Re: Would any of my meds cause these - Ritch

Posted by Maxime on February 6, 2005, at 19:53:34

In reply to Re: Would any of my meds cause these symptoms?, posted by Phillipa on February 6, 2005, at 17:58:21

One interesting factor (well IMHO) is that I have never suffered from anxiety or panic. Never. You would think that a thyroid problem would cause this to occur at times (panic or anxiety).

Maxime

 

Re: Would any of my meds cause these - » Maxime

Posted by gardenergirl on February 6, 2005, at 19:56:31

In reply to Re: Would any of my meds cause these - Ritch, posted by Maxime on February 6, 2005, at 19:53:34

Maxime,
Are you taking the Synthroid on an empty stomach and waiting an hour before eating? I know that can affect absorption.

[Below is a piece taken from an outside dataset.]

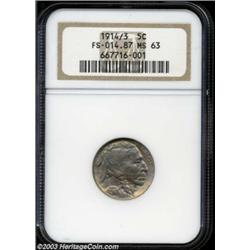 <table><tr><td><TABLE cellSpacing=0 cellPadding=0 width="100%" bgColor=#000000 border=0><TBODY> <TR><TD width="100%"><TABLE cellSpacing=1 cellPadding=3 width="100%" border=0><TBODY><TR><TD width="100%" bgColor=#79735c><FONT face=arial color=#ffffff size=3><B>Description</B> </FONT></TD></TR><TR><TD width="100%" bgColor=#ffffff><FONT face=arial size=2><B>1914/3 5C MS63 NGC.</B></I> FS-14.87. Streaks of olive, gold, and rose patina visit this nicely struck and well preserved example. The Indian has clashmarks (as made) beneath his chin from E PLURIBUS UNUM on the opposite side, and a faint retained lamination (as produced) is nearby at 5 o'clock. This interesting variety was first reported in early 1997, and made its initial <I>Cherrypickers'</B></I> appearance in the fourth edition (2000). A similar 1914/3-S variety (FS-14.89) is also known, although a 1914/3-D has yet to be discovered. Population: 7 in 63, 8 finer (9/03). </FONT></TD></TR></TBODY></TABLE></TD></TR></TBODY></TABLE><BR><A name=PricesRealized></A><TABLE cellSpacing=0 cellPadding=0 width="100%" bgColor=#000000 border=0><TBODY><TR><TD width="100%"><TABLE cellSpacing=1 cellPadding=3 width="100%" border=0><TBODY><TR><TD width="100%" bgColor=#79735c><A name=PR><FONT face=arial color=#ffffff size=3><B>Previous Prices from Heritage Auctions</B> </FONT></A></TD></TR><TR><TD bgColor=#f6f6ed><TABLE cellSpacing=0 cellPadding=0 width="100%" border=1><TBODY><TR><TD align=middle width="33%"><B>Date</B></TD><TD align=middle width="33%"><B>Service</B></TD><TD align=middle width="33%"><B>Price</B></TD></TR><TR bgColor=whitesmoke><TD width="33%"><B>07/30/2002</B></TD><TD width="33%">NGC</TD><TD width="33%">$2,760.00</TD></TR><TR bgColor=whitesmoke><TD width="33%"><B>01/10/1998</B></TD><TD width="33%">NGC</TD><TD width="33%">$5,520.00</TD></TR><TR bgColor=whitesmoke><TD width="33%"><B>02/16/2000</B></TD><TD width="33%">PCGS</TD><TD width="33%">$4,313.00</TD></TR></TBODY></TABLE></TD></TR><TR><TD bgColor=#ffffff><FONT face=arial size=1 ?>PLEASE NOTE: All prices realized reflect the final hammer price PLUS the buyer's premium in auctions that charge a buyer's premium. Each item has a notation at the top of the listing indicating whether that lot included a buyer's premium. Example: A item that sells with a final hammer price of $100 and a 20% buyer's premium will display with a price realized of $120. All information listed is intended to be as accurate as possible, but errors are possible. Please use this guide carefully and inform us of any inaccuracies. </FONT></TD></TR></TBODY></TABLE></TD></TR></TBODY></TABLE><BR><TABLE cellSpacing=0 cellPadding=0 width="100%" bgColor=#000000 border=0><TBODY><TR><TD width="100%"><TABLE cellSpacing=1 cellPadding=3 width="100%" border=0><TBODY><TR><TD width="100%" bgColor=#79735c colSpan=6><FONT face=arial color=#ffffff size=3><B>Price Guide*</B> </FONT></TD></TR><TR bgColor=#f6f6ed><TD align=middle><B>Grade</B> </TD><TD align=middle><B>Coin World<BR>(Trends)</B> </TD><TD align=middle><B>Numismedia<BR>Retail</B> </TD><TD align=middle><B>Numismedia<BR>Wholesale</B> </TD><TD align=middle><B>Coin<BR>Universe</B> </TD><TD align=middle><B>Heritage<BR>Value Index</B> </TD></TR><TR bgColor=#ffffff><TD align=middle>62</TD><TD align=right>---</TD><TD align=right>---</TD><TD align=right>$2,950.00</TD><TD align=right>---</TD><TD align=right>$3,472.78</TD></TR><TR style="FONT-WEIGHT: bold" bgColor=#cccfdd><TD align=middle>63</TD><TD align=right>$5,000.00</TD><TD align=right>---</TD><TD align=right>$7,475.00</TD><TD align=right>$8,000.00</TD><TD align=right>$4,550.00</TD></TR><TR bgColor=#ffffff><TD align=middle>64</TD><TD align=right>---</TD><TD align=right>---</TD><TD align=right>$11,500.00</TD><TD align=right>---</TD><TD align=right>$25,550.00</TD></TR><TR bgColor=#ffffff><TD colSpan=6><FONT size=1>*All information listed is intended to be as accurate as possible, but errors are possible. No item may be returned or refused based on this information which is provided as a service to our customers. You should contact each pricing source directly to determine the accuracy of this information. </FONT></TD></TR></TBODY></TABLE></TD></TR></TBODY></TABLE><BR><TABLE cellSpacing=0 cellPadding=0 width="100%" bgColor=#000000 border=0><TBODY><TR><TD width="100%"><TABLE cellSpacing=1 cellPadding=3 width="100%" border=0><TBODY><TR><TD width="100%" bgColor=#79735c><FONT face=arial color=#ffffff size=3><B>Population Guide</B> </FONT></TD></TR><TR bgColor=#ffffff><TD align=middle><!-- Begin Output of Population Grid--><TABLE cellSpacing=0 cellPadding=0 width="100%" border=0><TBODY><TR><TD vAlign=center><TABLE cellSpacing=0 width="100%" border=1 cellsadding="3"><TBODY><TR><TD vAlign=center><TABLE cellSpacing=0 cellPadding=3 width="100%" border=1><TBODY><TR><TD vAlign=center align=middle bgColor=#f0f1e8 colSpan=2 <CENTER><FONT face=Arial size=2><B>PCGS Pop </B></FONT><CENTER></CENTER></TD><TD vAlign=center align=middle bgColor=#f0f1e8 colSpan=2><CENTER><FONT face=Arial size=2><B>NGC Pop</B></CENTER></FONT></TD></TR><TR><TD vAlign=center><FONT face=Arial size=2>(63)</FONT> </TD><TD vAlign=center align=right><FONT face=Arial size=2>9</FONT> </TD><TD vAlign=center><FONT face=Arial size=2>(63)</FONT> </TD><TD vAlign=center align=right><FONT face=Arial size=2>0</FONT> </TD></TR><TR><TD vAlign=center><FONT face=Arial size=2>(>63)</FONT> </TD><TD vAlign=center align=right><FONT face=Arial size=2>13</FONT> </TD><TD vAlign=center><FONT face=Arial size=2>(>63)</FONT> </TD><TD vAlign=center align=right><FONT face=Arial size=2>0</FONT> </TD></TR></TBODY></TABLE></TD></TR></TBODY></TABLE></TD></TR></TBODY></TABLE><!-- End Output of Population Grid--></TD></TR></TBODY></TABLE></TD></TR></TBODY></TABLE><BR><TABLE cellSpacing=0 cellPadding=0 width="100%" bgColor=#000000 border=0><TBODY><TR> Important notice: Heritage usually auctions material at the rate of 200-250 lots per hour. On some occasions eBay Live bid software or the Internet may not be able

Sorry you are struggling right now. I am actually considering switching from Nardil to Parnate, but your experience is making me think twice.

Take care,
gg

 

Re: Would any of my meds cause these - » gardenergirl

Posted by Maxime on February 6, 2005, at 21:59:05

In reply to Re: Would any of my meds cause these - » Maxime, posted by gardenergirl on February 6, 2005, at 19:56:31

Thanks GG. I do take it on an empty stomach and wait an hour before eating. Also, did you know that iron can prevent it's absorption?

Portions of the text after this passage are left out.